**Source information**

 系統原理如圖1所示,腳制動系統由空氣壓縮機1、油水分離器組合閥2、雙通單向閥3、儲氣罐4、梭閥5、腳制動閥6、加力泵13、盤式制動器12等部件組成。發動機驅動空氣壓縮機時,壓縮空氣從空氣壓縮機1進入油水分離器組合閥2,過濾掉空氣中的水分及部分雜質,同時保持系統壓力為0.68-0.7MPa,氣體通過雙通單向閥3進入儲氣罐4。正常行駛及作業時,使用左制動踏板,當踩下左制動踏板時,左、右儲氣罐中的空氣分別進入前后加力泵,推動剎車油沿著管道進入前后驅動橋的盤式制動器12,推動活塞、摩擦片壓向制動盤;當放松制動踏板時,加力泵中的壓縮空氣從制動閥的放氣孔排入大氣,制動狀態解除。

...

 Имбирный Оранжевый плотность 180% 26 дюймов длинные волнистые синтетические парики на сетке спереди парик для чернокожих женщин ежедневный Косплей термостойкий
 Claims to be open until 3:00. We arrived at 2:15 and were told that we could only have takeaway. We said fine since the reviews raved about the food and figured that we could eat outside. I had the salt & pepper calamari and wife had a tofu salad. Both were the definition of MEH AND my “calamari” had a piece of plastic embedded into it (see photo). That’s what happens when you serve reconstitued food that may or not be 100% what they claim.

--

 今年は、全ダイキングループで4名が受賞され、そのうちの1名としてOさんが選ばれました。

**Description of the task**
The listing above holds a line with "Имбирный Оранжевый плотность" and a line with "Claims to be". Print the stretch from the first through the second, exactly and alone.

**Response box**
 Имбирный Оранжевый плотность 180% 26 дюймов длинные волнистые синтетические парики на сетке спереди парик для чернокожих женщин ежедневный Косплей термостойкий
 Claims to be open until 3:00. We arrived at 2:15 and were told that we could only have takeaway. We said fine since the reviews raved about the food and figured that we could eat outside. I had the salt & pepper calamari and wife had a tofu salad. Both were the definition of MEH AND my “calamari” had a piece of plastic embedded into it (see photo). That’s what happens when you serve reconstitued food that may or not be 100% what they claim.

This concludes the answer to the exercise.